Novel approach gives better insight indirect effects
Cortés Arbués explain that the main outcome of the research is the significant and uneven range of estimated GDP losses across the European coastline. ‘Only within Italy, we have found that there are regions that could lose almost 21% of their GDP due to sea level rise by 2100, while other regions could gain about 2.3%. A key novelty in our methodology is the use of sector-specific direct damages, which enable us to more accurately illustrate the overall damage to a region’s economy.’ Previous studies had distributed these direct damages according to the relative importance of a sector in an economy, while this novel approach uses historical flood data that more aptly capture the spatial distribution of damages. This is how the team estimated direct and indirect damages in a bottom up way. ‘This helps policymakers in identifying not only vulnerable regions, but also vulnerable industries within that region’, clarifies Servaas Storm.
Chatzivasileiadis: ‘When for example a factory is flooded, the products it manufactures are no longer available to consume. This is bad enough if the product is finished, but if it is an intermediate product (i.e., a microchip for a phone), it can create serious disruptions in a supply chain.
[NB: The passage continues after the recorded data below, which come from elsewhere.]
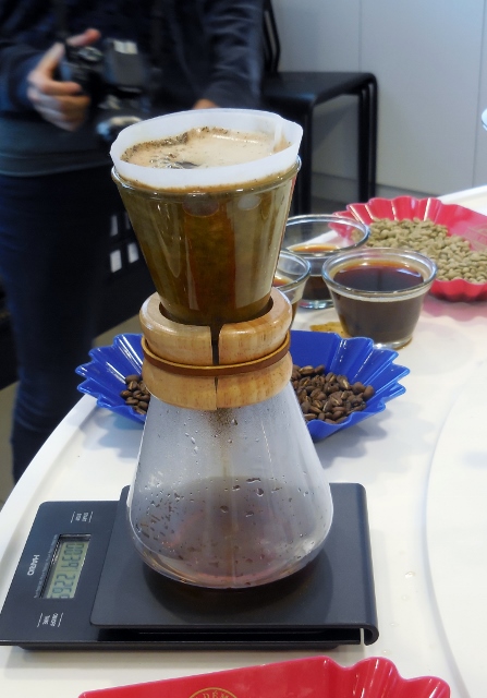 Une fois notre palais ainsi exercé, nos instructeurs nous ont proposé de goûter un même café, infusé de différentes façons. Chemex, cafetière à dépression ou cafetière à pression : nous avons obtenu un goût différent avec chaque méthode.
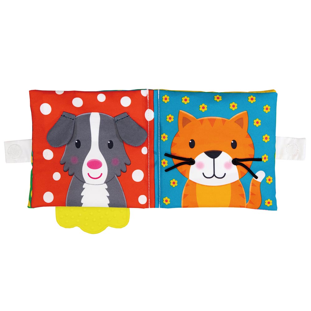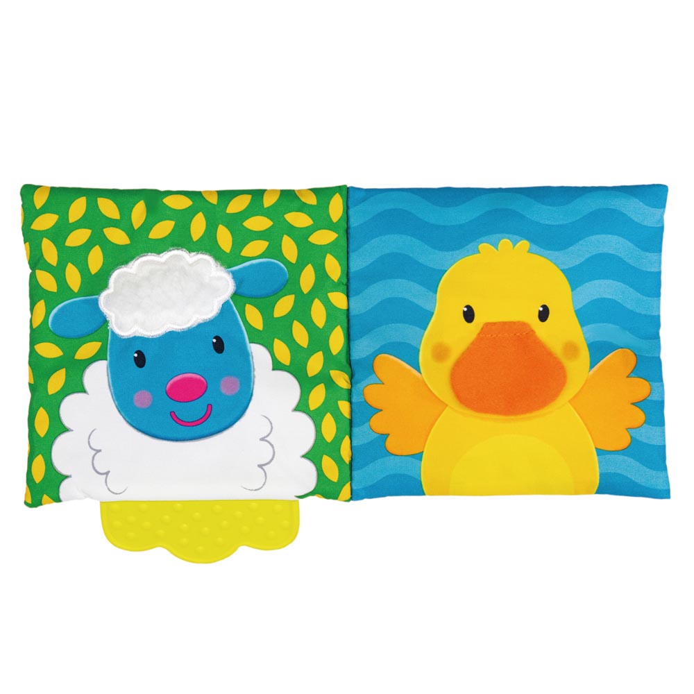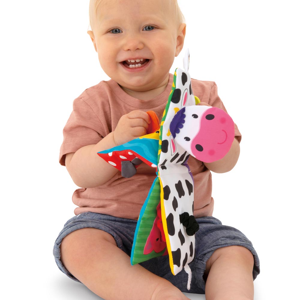 En la tapa de este divertido libro está la cabeza de la vaca y su cola en la parte de atrás. Las páginas con acolchado suave contienen material arrugado que los bebés encontrarán muy atractivo y estimulante. Dentro podrán ver lindos animales; oveja, pato, perro, gato, chancho, gallina. Todos ellos con variadas texturas para que los bebés toquen e investiguen. Además tiene un enlace súper práctico para sujetarlo al coche, la cuna o el asiento del automóvil.
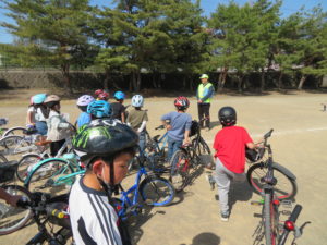た。子ども達は元気に自転車教室を受けていました。今後は親子そろって自転車に乗り危険な場所など
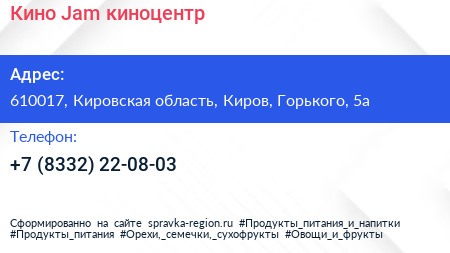 Кино Jam, киноцентр по адресу 610017, Кировская область, Киров, Горького, 5а в дальнейшем Организация, размещена в следующих категориях:

This is why indirect effects are important to consider in climate damage quantification. By gaining more insight into how these damages will play out, we can enact better informed and more detailed adaptation policies that will increase economic resilience to climate change.’
Minimizing drastic impact
Filatova: ‘Our findings represent a first step for policymakers to allocate adaptation resources to the right regions in order to minimize drastic impacts. In addition, the inclusion of sector-specific loss estimates introduces an additional adaptation planning dimension, whereby forward-looking sea level adaptation could streamline current investments into different industries in a ‘climate-aware’ manner, preventing costlier retreat strategies in the future.’